# boat I got



## pigman25 (Nov 6, 2011)

What y'all think about u think be good for floundering


----------



## bamafan611 (Mar 1, 2010)

She will work.


----------



## pigman25 (Nov 6, 2011)

What should I use for a deck on the front


----------



## Mac1528 (Mar 24, 2012)

3/4" marine plywood, sealed or 1/4" diamond plate aluminum, make sure the back edge is broke down for support. That would be my guess.


----------



## pompano67 (Oct 28, 2013)

Absolutely bud !! Don't forget to put supports under the front deck.


----------



## pigman25 (Nov 6, 2011)

Do y'all use foam board on the floor


----------



## drifterfisher (Oct 9, 2009)

I use the link mats from Harbor Frieght, and use 3M adhesive to glue them down, been on my boat for 3 years now. I used 3/8's plywood with 2x2's for support. That holds me(220#)and my buddy(280#).
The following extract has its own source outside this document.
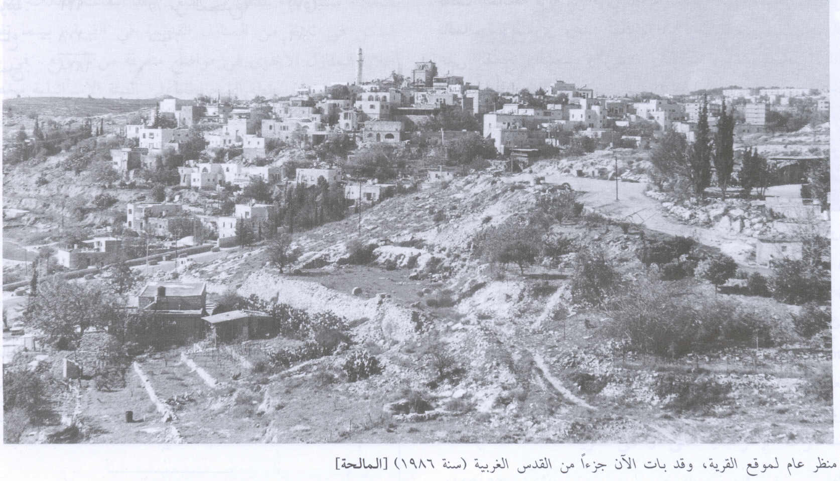 Village Before NakbaThe village stood on a plateau, overlooking a wide area on all sides but the north. A newer part of the village was built on the southeastern slope of a neighboring hill. A short secondary road linked al-Maliha to a highway leading to Jerusalem, and other secondary roads and dirt paths connected it to neighboring villages. Biblical scholars have identified this village with Manahath (Joshua 15:59). In 1596 al-Maliha was a village in the nahiya of Jerusalem (liwa' of Jerusalem). It was known as Maliha al-Sughra and had a population of 286. It paid taxes on wheat, barley, and olive and fruit trees. Taxes were also paid on goats and beehives. Mary Rogers (the sister of Edward Thomas Rogers, British vice-consul in Haifa in the 1850s), passed by the village in 1855 and reported that it was on the summit of a steep hill, with large kilns for preparing charcoal on the terraces below it. At that time it was the home of one of the most influential families in the Jerusalem Mountains, the al-Shaykha. As Jerusalem expanded, al-Maliha became one of its suburbs. The British surveyors who authored the Survey of Western Palestine saw al-Maliha in the 1870s and described it as a village of moderate size, standing high on a flat ridge. To the south of it, in a valley, was 'Ayn Yalu. The village plan was rectangular, and most of its houses were built of stone. Its population was predominantly Muslim, with only about 10 Christians out of an estimated total of 1,940 in 1945. It had a public elementary school, a medical clinic, a few shops, and a village council. It also had a large mosque named after 'Umar ibn al-Khattab, the second Muslim caliph.Most of the villagers worked in rainfed agriculture and livestock breeding, but some worked in crafts, commerce, and services. Their lands were planted in grain, vegetables, and fruit. In 1944/45 a total of 1,013 dunums was allocated to cereals; 2,613 dunums were irrigated or used for orchards, of which 1,370 dunums for olives. Wild vegetation covered the slopes of the neighboring mountains, which were used for grazing. There were many rock-cut tombs in and around the village, and a ruined tower stood near the mosque. This and the artifactual evidence on the site all suggested the great antiquity of the village. Village Occupation and Ethnic CleaningThe earliest attack against al-Maliha occurred on 6 March 1948, according to a report in the Jaffa-based Palestinian daily Filastin. The report said merely that a Jewish unit infiltrated into the outskirts of al-Maliha and clashed with the village's defenders; it made no mention of casualties. Israeli historian Benny Morris implies that the village was evacuated in two waves; the first occurred in April, as a result of the massacre in nearby Deir Yasin on 9 April.But the village was not completely emptied until mid-July, when it was directly attacked after the first truce of the war. The New York Times indicates that the Haganah began to encroach on al-Maliha on the night of 1−2 May when it extended its positions southwards from the Qatamon sub-disctrict of Jerusalem. But the History of the War of Independence relates that the village was occupied about ten weeks later, during operations conducted around Jerusalem in conjunction with Operation Dani (see Abu al-Fadl, Ramla sub-disctrict). After a fierce battle that lasted for several days, the village fell firmly into Israeli hands. On the night of 13−14 July, a company from the Irgun Zvai Leumi (IZL) and two platoons from the Yonathan Company of the Gadna (Palmach Youth Battalions) entered al-Maliha, taking up positions in the village. Arab forces launched a counterattack on 15 July, forcing the IZL unit to withdraw from the furthest position in the village. That same day, the Egyptian irregulars operating south of Jerusalem alongside Palestinian guerrillas announced taking al-Maliha in a communiqué quoted by the New York Times, but it was soon reoccupied after the arrival of IZL reinforcements. The Times reported that the Israelis were using medium artillery and mortar fire to mount diversionary attacks on the Jerusalem front on 14 July. The objective was to take the 'important supply base and assembly center' of al-Maliha, according to the paper's correspondent. By 16 July, the Times reported that the village was in Israeli hands and that an Arab counterattack on that day, which resulted in the deaths of fifteen Irgun men and left twenty others wounded, did not succeed in recapturing it. (The IZL said it had been 'let down' by the Haganah, which withdrew from a flanking height and failed to give covering fire during the Arab assault, but the Haganah denied the charges.) A few days later, on 22 July, the Israeli commander of the Jerusalem area, David Shaltiel, told the Times correspondent that the 'strategic' villages of al-Maliha and 'Ayn Karim had been occupied between the truces, thus ending a 'threatened Egyptian invasion' of Jerusalem. Zionists Colonies on Village LandsZionists established the suburb of Manachat (167129) on the village site in 1949.Village TodayMany houses are still standing and are occupied by Jewish families, although a few houses on the southern side of the village have been demolished. The inhabited houses are generally two-storey structures built of limestone, with arched windows and doors. Some houses have balconies with roofs that are supported by columns and circular arches. The school building is abandoned and its classrooms are filled with refuse. Some of the village streets are wide and paved while others are narrow alleys that are interrupted at points by limestone steps. The village mosque, with its tall, round minaret, still stands in the center of the village (see photos). It is closed and in a state of neglect. The village cemetery is on the southern edge of the site. Five large tombs stand out among the smaller ones. One of the graves is open, and human bones are visible. Orchards grow on the southern and 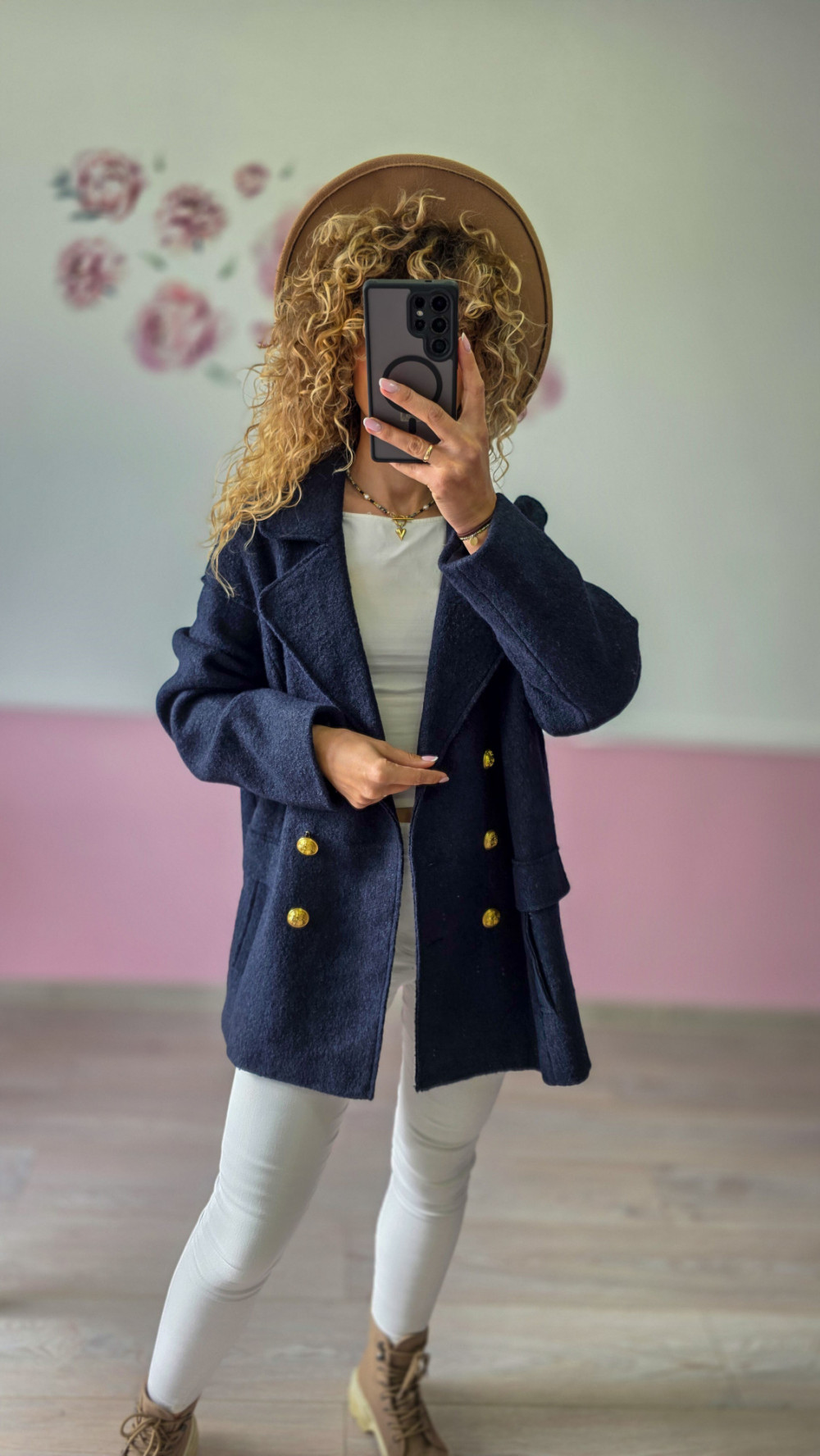 Zamów granatowy płaszcz dwurzędowy w Domowym Lumpeksie i przekonaj się, że odzież online z secondhandu potrafi zachwycić jakością, stylem i ponadczasową elegancją.

Is that a 12' or 14'?


----------



## pigman25 (Nov 6, 2011)

14 ft can u send me a link on the link mats


----------



## drifterfisher (Oct 9, 2009)

http://www.harborfreight.com/garage...ies/anti-fatigue-foam-mat-set-4-pc-61607.html

After many many nights of standing on them, the only damage is from the gigs resting on them. Bleach and purple power have no ill affects. Make sure to wipe the side you plan on gluing with something like brake cleaner. They have a oil residue on them, not enough to feel, but enough to make glue not stick.

This is the glue I used. 

http://www.lowes.com/pd_41209-98-77-24_4294729383__?productId=3033222&Ns=p_product_qty_sales_dollar|1&pl=1¤tURL=%3FgoToProdList%3Dtrue%26Ns%3Dp_product_qty_sales_dollar|1&facetInfo=


----------